Ex. 4 : Hans-Joachim Klein, le complice présumé du terroriste Carlos dans la prise d'otages de l'OPEP en

1975 à Vienne, devait être extradé hier soir vers l'Allemagne, a annoncé le Parquet de Francfort.

Ex. 5 : Ces contrats concernent l'aménagement du temps de l'activité de l'enfant, englobant les aménagements liés au temps périscolaire et extra-scolaire mis en place depuis 1998.

Ex. 6 :De plus, dès l'année 2001, la municipalité consciente des besoins exprimés, envisage d'engager un lourd programme d'investissements comprenant la restructuration des locaux de l'école maternelle et du centre de loisirs associé à l'école.

Ex. 7 : Depuis le début de l'Intifada, fin septembre 2000, les violences israélo-palestiniennes ont fait 2.994 morts, dont 2.243 Palestiniens et 695 Israéliens.

Ex. 8 :Ces propositions interviennent avant que le bilan 2001 de la délinquance et de la criminalité

soit rendu public lundi matin au ministère de l'Intérieur.

Ex. 9 : Les deux otages français travaillant pour l'ambassade de France à Sanaa ont été libérés sains et saufs hier après douze jours de captivité entre les mains d'une tribu armée, du Yemen.

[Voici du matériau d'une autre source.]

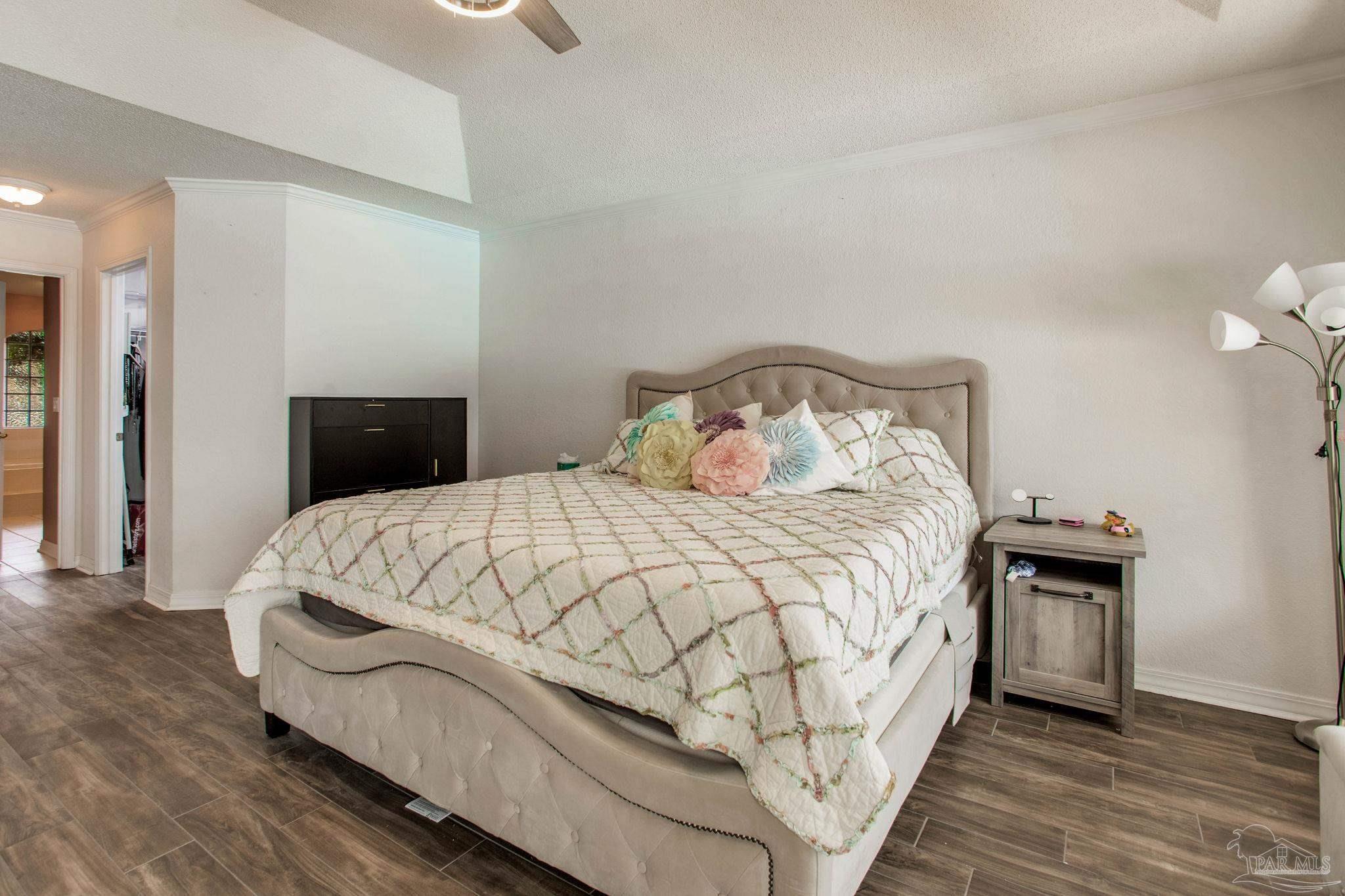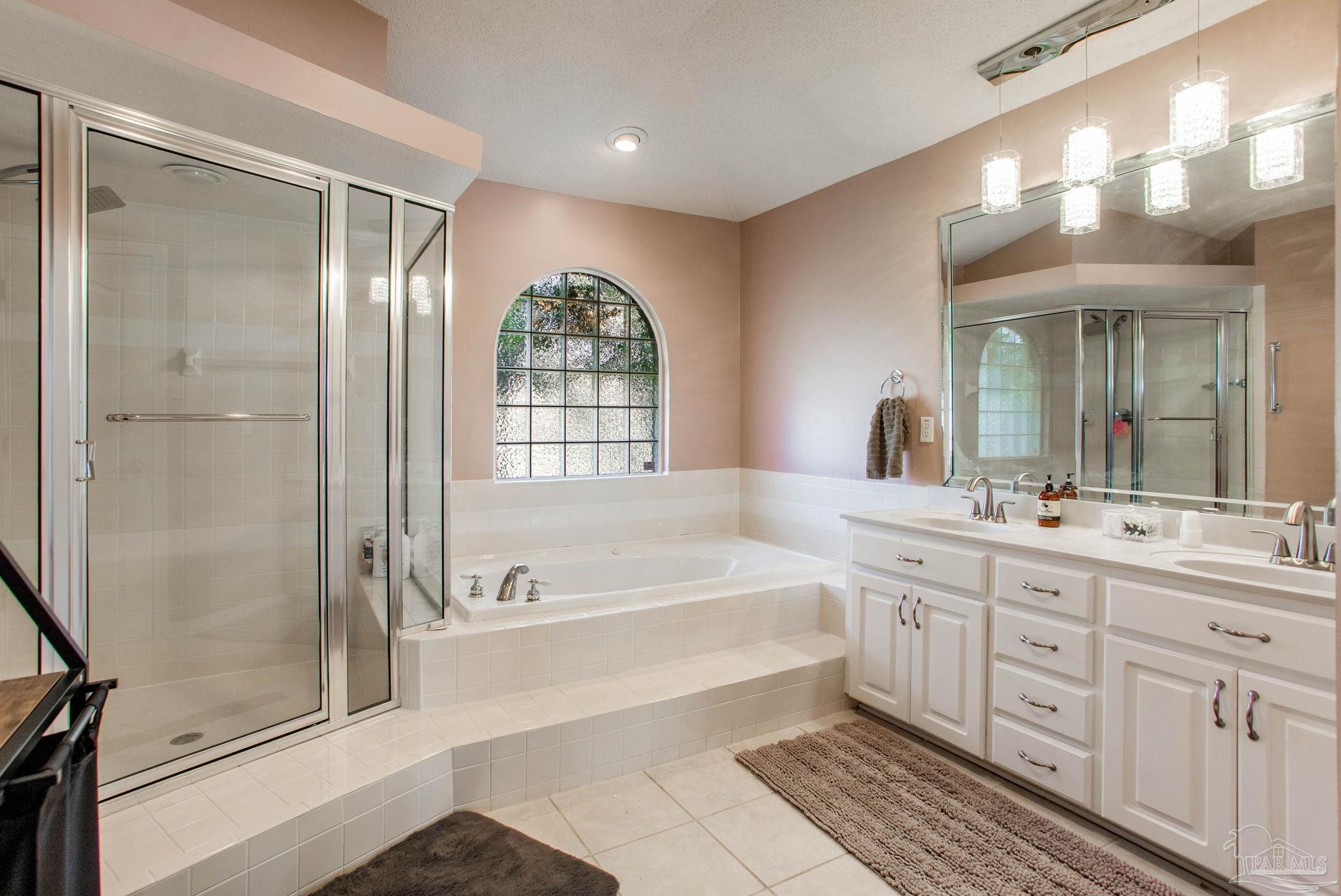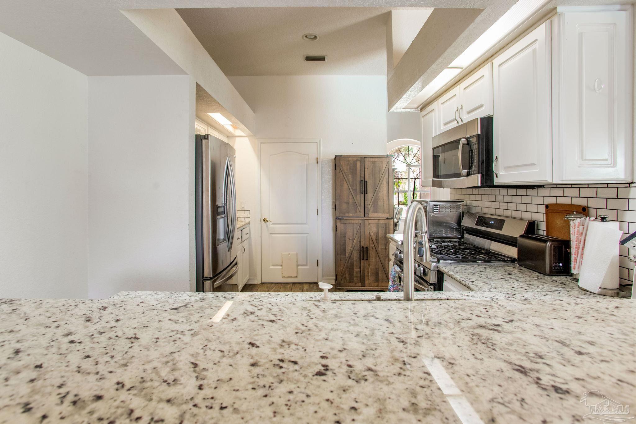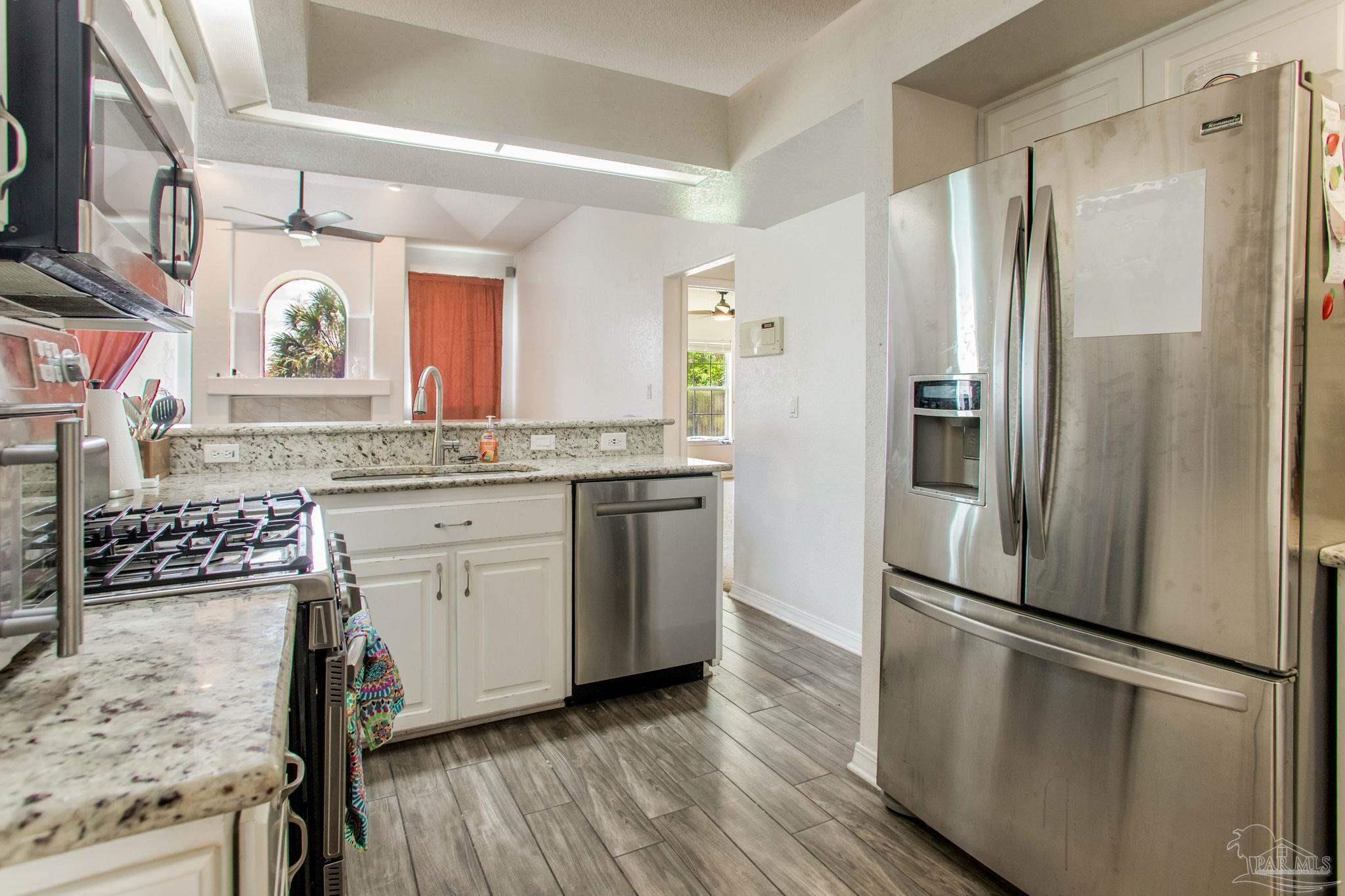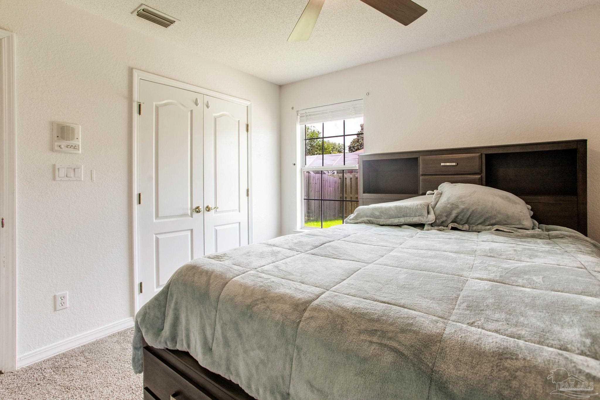 Energy-Efficient Pool Home in the Creekwood subdivision! Welcome to 8042 Mossy Creek, a beautifully maintained 3-bedroom, 2-bath home with an office tucked away in the desirable Creekwood subdivision in Northwest Pensacola. At the front of the home sits the office which can be used as a 4th bedroom if needed. This home blends modern finishes, luxurious outdoor living, and year-round energy efficiency thanks to fully paid for solar panels, keeping your power bill at or near zero. Interior Features include wood-look plank tile flooring throughout main living areas—durable, stylish, and low-maintenance. The kitchen features stainless steel appliances, gas stove, sleek granite counters, large breakfast bar and pantry. The master suite has a spacious en-suite bath with double vanities and a walk-in closet. Elegant tray ceiling. And private access to the pool area which bring in plenty of natural light. The open concept layout with high ceilings, gas fireplace, and large windows for natural light make this property feel like a home. If the inside isn't impressive enough, check out the outside! In-ground saltwater pool with screened enclosure, perfect for year-round enjoyment. Covered lanai with outdoor bar and lounging space. Fully fenced backyard with room to entertain or let pets roam freely. 3-car garage with RV parking pad, generator transfer switch, and attic storage. No need to worry about $400 to $600 power bills with this efficient home. Schedule your showing today to see it for yourself!

Susceptibles d’être formés à partir de références anaphoriques (cf. ex. 10 et 11), les adverbiaux de localisation temporelle contribuent également à la cohésion discursive.

Ex. 10 : La série, créée Par Garry Marshall -- qui s'illustrera quelques années plus tard en réalisant "Pretty Woman" avec Julia Roberts -- décrivait avec humour et candeur les années 50 et 60 américaines.

Ex. 11 : Ce jour-là, le Printemps proposera également une création autour des échanges musicaux entre la France et l'Afrique, baptisée "Yeke, Yeke".

Avant de s’intéresser à la façon dont ces adverbiaux sont analysés d’un point de vue syntaxique et sémantique, on s’attache dans un premier temps à les resituer dans la catégorie plus générique des adverbiaux temporels, une catégorie qui pose d’importantes difficultés d’analyse.